Preferred Qualifications

  • Comprehensive understanding of machine learning algorithms, including classification, regression, and clustering methods.
  • Experience deploying and optimizing models for embedded or automotive SoCs (e.g., NVIDIA Drive, TI TDA4, Qualcomm Snapdragon).
  • Proficiency in model optimization techniques such as quantization, pruning, and knowledge distillation.
  • Doctorate (Ph.D.) in Computer Science, Artificial Intelligence, or related field is a plus.
  • Strong programming experience in Python and/or C++ within Linux development environments.
  • Familiarity with automotive perception workflows, datasets, and evaluation frameworks (e.g., KITTI, Waymo, Euro NCAP)


Benefits

We offer our employees a comprehensive benefits package including:

  • Salary $180,000-$240,000
  • Medical, dental and vision coverage
  • Office snacks & reimbursable meals*
  • Paid Time Off
  • FSA
  • 401K


Work Type

Hybrid - Phantom AI follows this type of working experience to allow employees the flexibility to work weekly at the office 4x and from home 1x.

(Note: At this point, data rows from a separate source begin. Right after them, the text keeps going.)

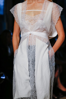 flimsy silk dresses with different kinds of lace - which created a sensual and sexy atmosphere. These were followed by amazing gowns that made us question ourselves wether this collection belonged to Haute Couture or not. Nude makeup gradually gave place to amazing face jewelry. We can say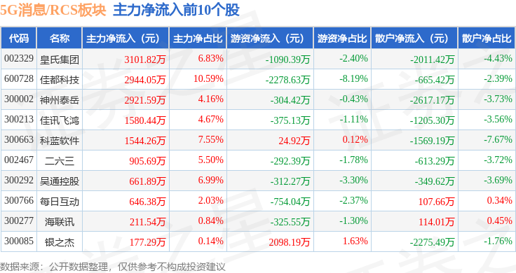 从资金流向上来看,当日5G消息/RCS板块主力资金净流出10.71亿元,游资资金净流入1.92亿元,散户资金净流入8.79亿元。5G消息/RCS板块个股资金流向见下表: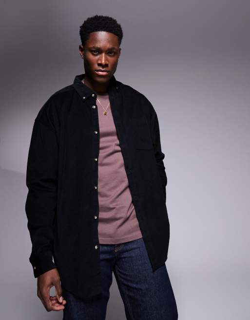 ASOS DESIGN - Chemise oversize côtelée style années 90 - Noir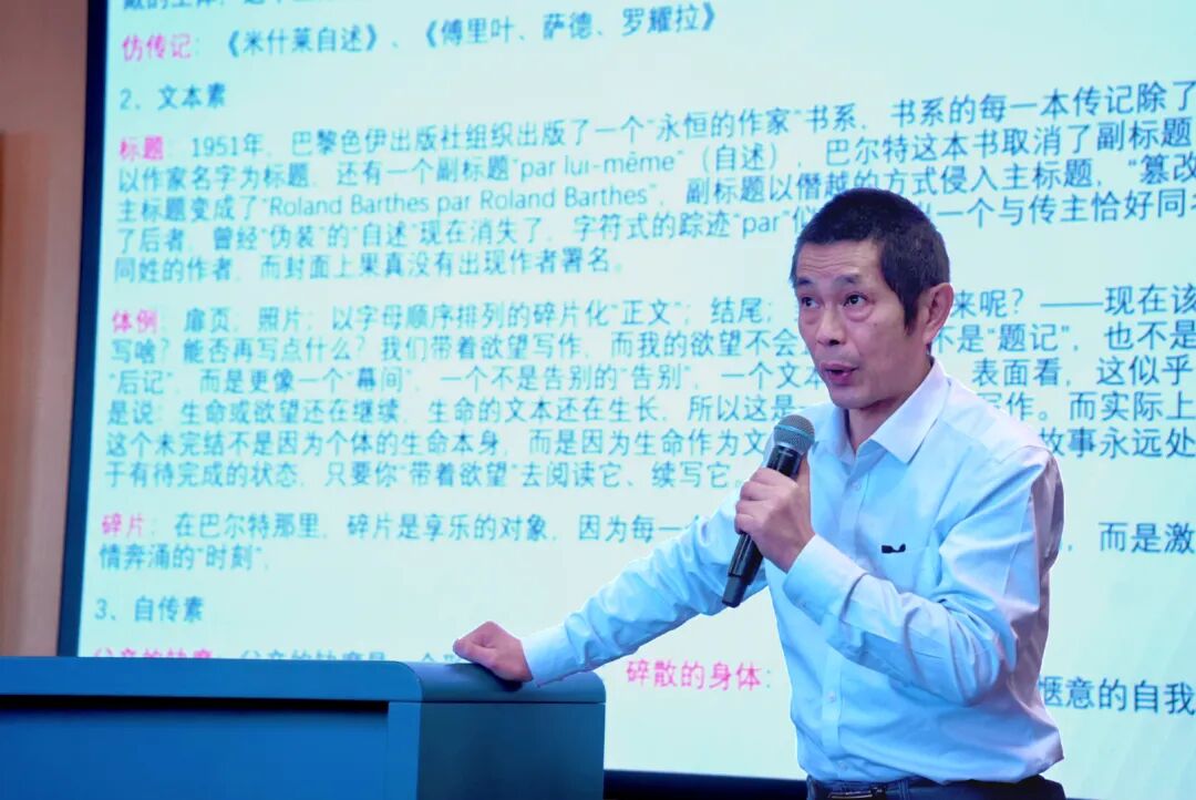 春水堂 吴琼教授的报告题目为《罗兰·巴尔特的反自传写作》。吴琼教授从传记素、文本素、自传素和前置文等层面对巴尔特的自传写作展开剖析。,重点阐释巴尔特如何将“文本”理解为一种书写行动,细致解读巴尔特自传独特的标题设计、非线性的体例编排与碎片化的叙事方式。报告深入分析了“父亲的缺席”“碎散的身体”“反公共性”等自传素主题,以及作为“独一无二的存在”的母亲照片在前置文中的奠基性作用,立体地呈现出巴尔特“反自传”写作的丰富内涵。与谈人中国艺术研究院吴忌助理研究员结合自身经验,对当代学术写作的困境进行了深刻反思。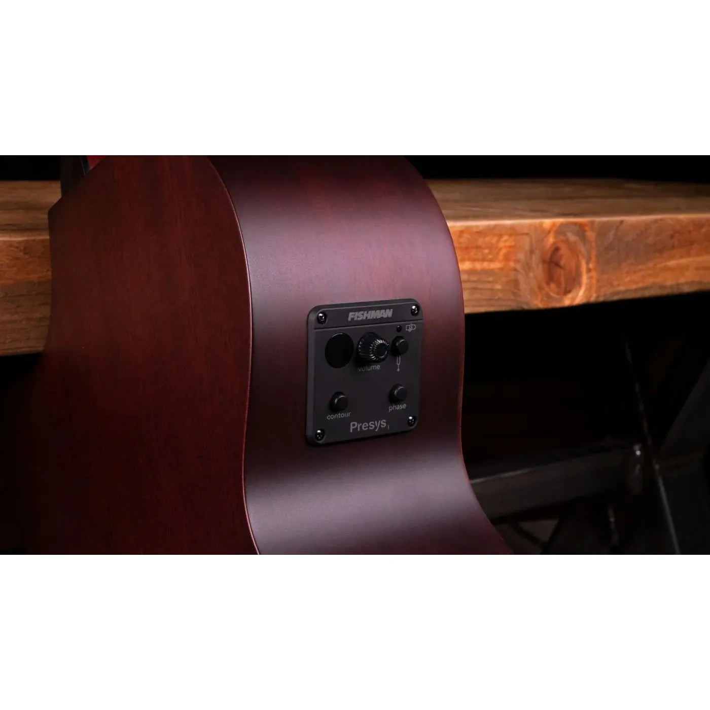 This Naked Venus is equipped with a Fishman Presys 1 preamp system and an undersaddle piezo pickup strip. This elegant solution is super easy to use, with an easy-to-read built-in tuner, an EQ contour control, phase switch (to control any feedback on stage), and a volume knob.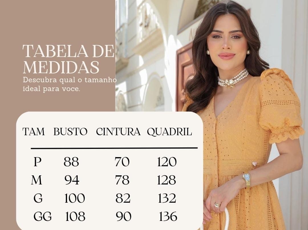 VESTIDO LARI Principal: 100% Algodão / Forro: 100% Poliéster Vestido Lari no comprimento midi, apresenta botões frontais funcionais, lastex na manga e detalhes de guipir na blusa e saia. Vestido todo forrado. Tamanhos: P M G GG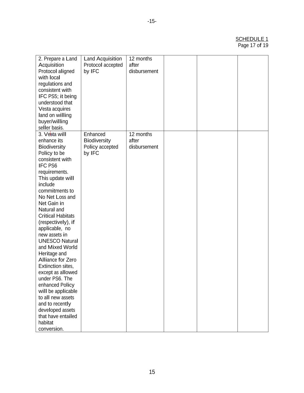 -15- 15 SCHEDULE 1 Page 17 of 19 2. Prepare a Land Acquisition Protocol aligned with local regulations and consistent with IFC PS5; it being understood that Vesta acquires land on willing buyer/willing seller basis. Land Acquisition Protocol accepted by IFC 12 months after disbursement 3. Vesta will enhance its Biodiversity Policy to be consistent with IFC PS6 requirements. This update will include commitments to No Net Loss and Net Gain in Natural and Critical Habitats (respectively), if applicable, no new assets in UNESCO Natural and Mixed World Heritage and Alliance for Zero Extinction sites, except as allowed under PS6. The enhanced Policy will be applicable to all new assets and to recently developed assets that have entailed habitat conversion. Enhanced Biodiversity Policy accepted by IFC 12 months after disbursement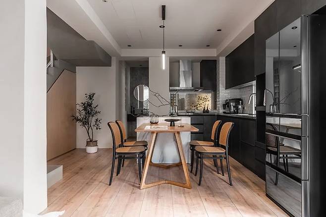 주방 바로 옆에 이어진 다이닝룸은 별도로 나뉘지 않는다. 대신 시야가 트인 상태에서 자연스럽게 이어진다. 이 집에서는 식사 공간도 하나의 흐름 안에 들어간다. 앉아 있으면 거실 쪽 빛과 주방 쪽 움직임이 동시에 느껴진다. 가족이 서로 다른 일을 하면서도 같은 공간에 있는 느낌을 유지하게 만든다.

Equal Opportunity for Diversity & Inclusion

Phantom AI provides equal employment opportunities to all employees and applicants for employment and prohibits discrimination and harassment of any type without regard to race, color, religion, age, sex, national origin, disability status, genetics, protected veteran status, sexual orientation, gender identity or expression, or any other characteristic protected by federal, state or local laws.